Dopo un lungo periodo di annunci, il terzo trimestre si chiude oggi con un mare di chiacchiere, promesse, interviste e nulla sappiamo sulla sorte dei quattro dossier sul tavolo dell’esecutivo.

Unico dato: una delibera in extremis del Governo per poter ripagare con una certa “tolleranza” il debito con BCSM che scade oggi. Superfluo fare notare la totale inadeguatezza di chi pensava di poter reperire soldi dall’esterno entro il 30 settembre per ripagare questo e altri debiti e si è ritrovato con un pugno di mosche in mano. Chissà se la stessa “tolleranza” sarà possibile per le persone normali che hanno debiti in scadenza con le banche…

RF sta raccogliendo in queste settimane le preoccupazioni dei cittadini e chiede un atto di trasparenza e di chiarezza al governo.

RF spera che il governo non abbia acceso il pilota automatico in attesa di sapere quali pesci pigliare per il bilancio dello Stato e il settore finanziario.
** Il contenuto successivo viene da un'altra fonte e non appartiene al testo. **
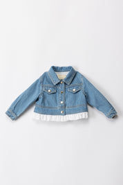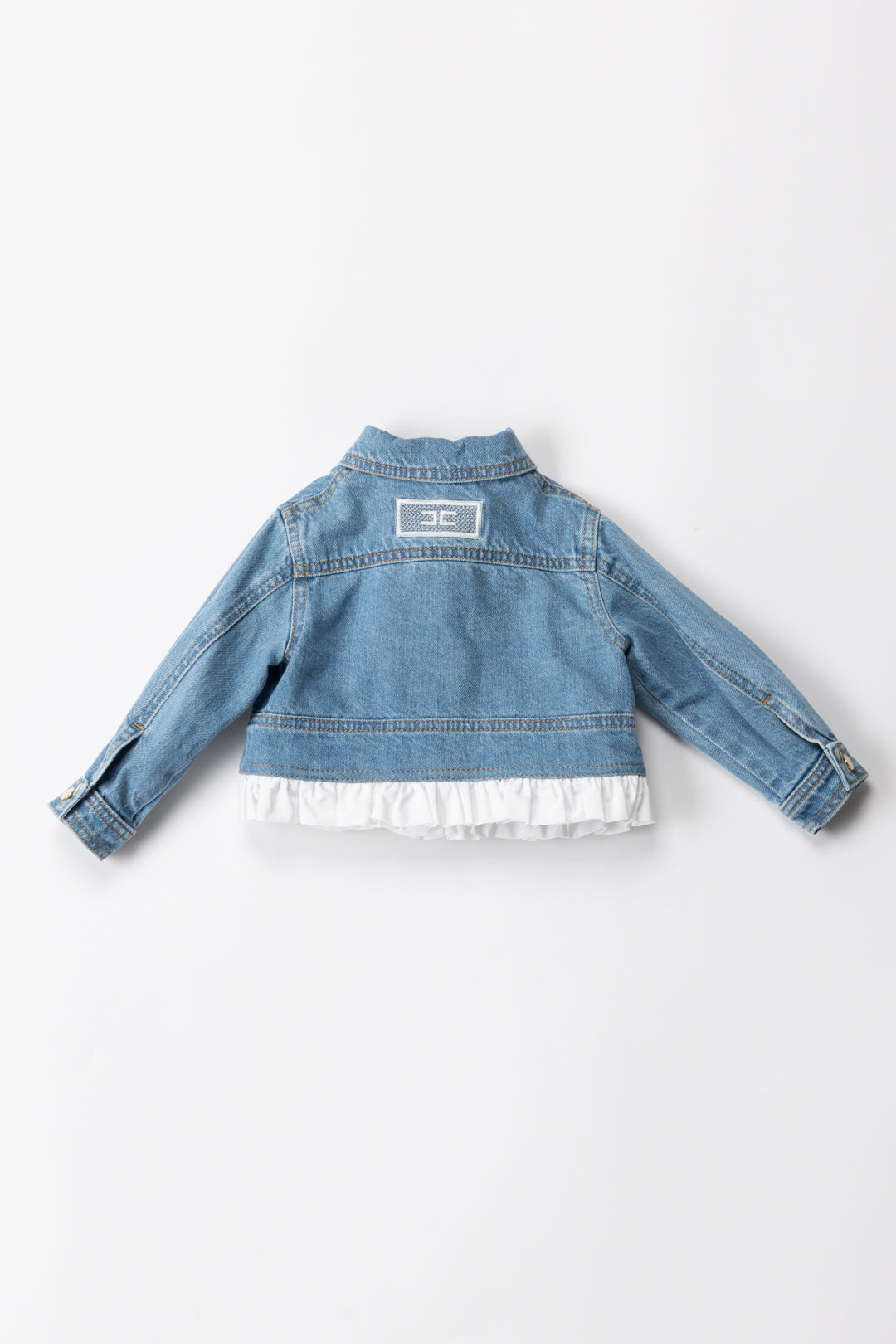 Un Giubbotto Elisabetta Franchi La Mia Bambina in denim arricchito da rouches in taffetà per un tocco glamour. Perfetto per aggiungere carattere a qualsiasi outfit, da abbinare a leggings o un vestitino.

Ed auspica che il debito che andremo a fare, e che ci costerà tanto in termini di interessi, non serva solo per ripagare debiti pregressi perché sarebbe la migliore ricetta per la rovina.

In una azienda quotata in borsa un manager con un atteggiamento del genere sarebbe mandato a casa. Non chiediamo tanto al governo – specializzato solo in espulsione di giudici – ma almeno la decenza di considerare che la trasparenza è un dovere e che affrontare questioni potenzialmente deflagranti con la superficialità che sta dimostrando, è la strada maestra per distruggere il presente e il futuro di tutti noi.